Prevalence and intensity of schistosoma infection according to the different techniques
Urine filtration technique
Out of the 298 urine samples from pregnant women analyzed by urine filtration method, a total of 65 (21.81%) were positive to urogenital schistosomiasis. The intensity of infection was low with 87.7% excreting less than 49 eggs/10 ml of urine. The maximum egg load was 200 eggs/10 ml of urine.
Kato Katz technique
A total of 142 stool samples were recorded among the 298 participants.
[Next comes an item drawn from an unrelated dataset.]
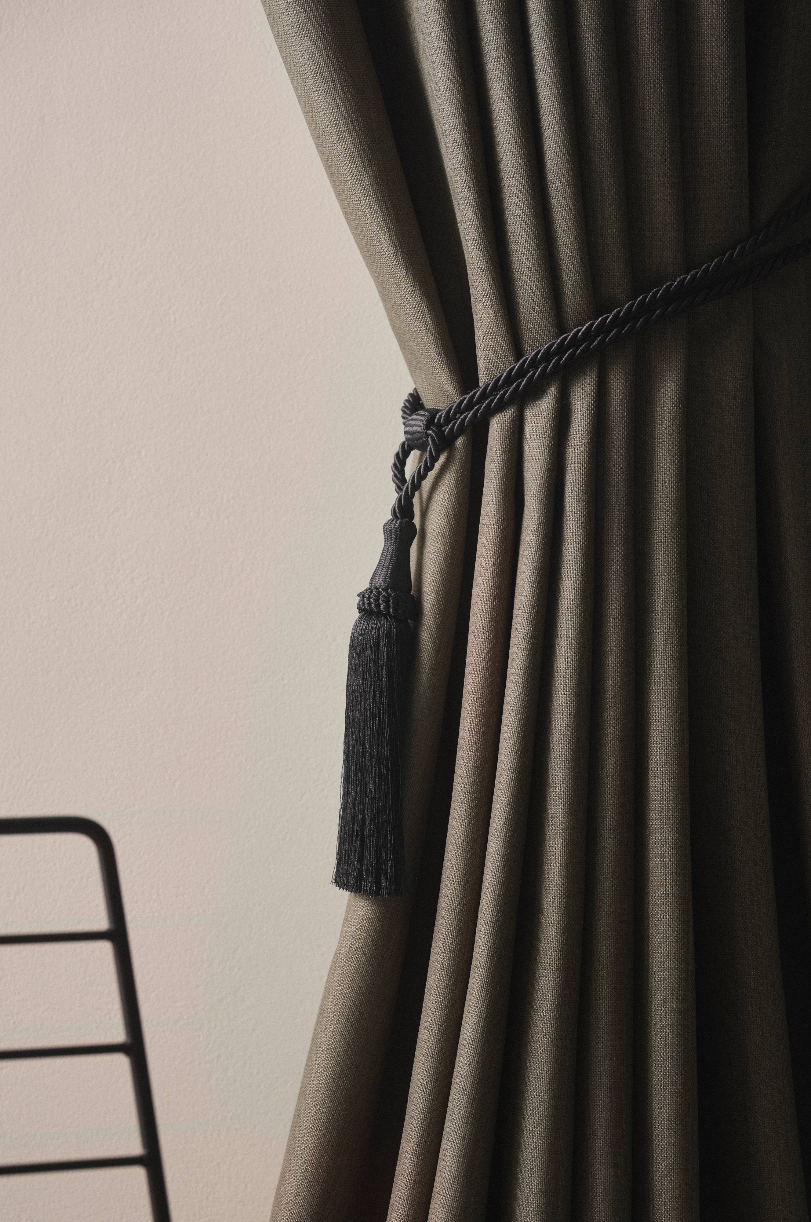 2er-Pack Raffhalter aus Polyester. Die einfarbigen Raffhalter sind mit einer umwickelten Kunststoffperle und einer kräftigen Quaste geschmückt.

Among them, 10 (7.04%) were positive for S. mansoni by the Kato-Katz technique with low intensity of infection as all women excreting less than 8 eggs/gram. Only 4 (2.82%) pregnant women were co-infected with S. haematobium and S. mansoni (Table 2).
QPCR technique
The qPCR detected 81 and 38 cases missed respectively by the urine filtration (UF) and Kato-Katz (KK) techniques. Molecular prevalence was high for S. haematobium (n = 146; 48.99%) and S. mansoni (n = 49; 35.51%), as well as for co-infection (n = 22; 15.94%) (Table 2). The results on sensitivity and specificity of each technique in the detection of S. haematobium and S. mansoni in pregnant women are summarized (Table 3).
Bivariate analysis
Socio-demographic factors associated with schistosomiasis
Table 4 shows the bivariate analysis between Schistosoma infection detected by microscopic and molecular methods, and socio-demographic factors and history of infection. The results revealed a significant association of S. haematobium infection with the age group of pregnant women. Women aged between 20 and 35 years and those aged over 35 years were significantly protected against S. haematobium infection compared to those aged 14 to 19 years (odds ratio [OR] 0.47; 95% confidence interval (95%CI) 0.25–0.88; p = 0.019 and OR 0.32; 95%CI 0.15–0.93; p = 0.034 for 20–35 and over 35 years old, respectively).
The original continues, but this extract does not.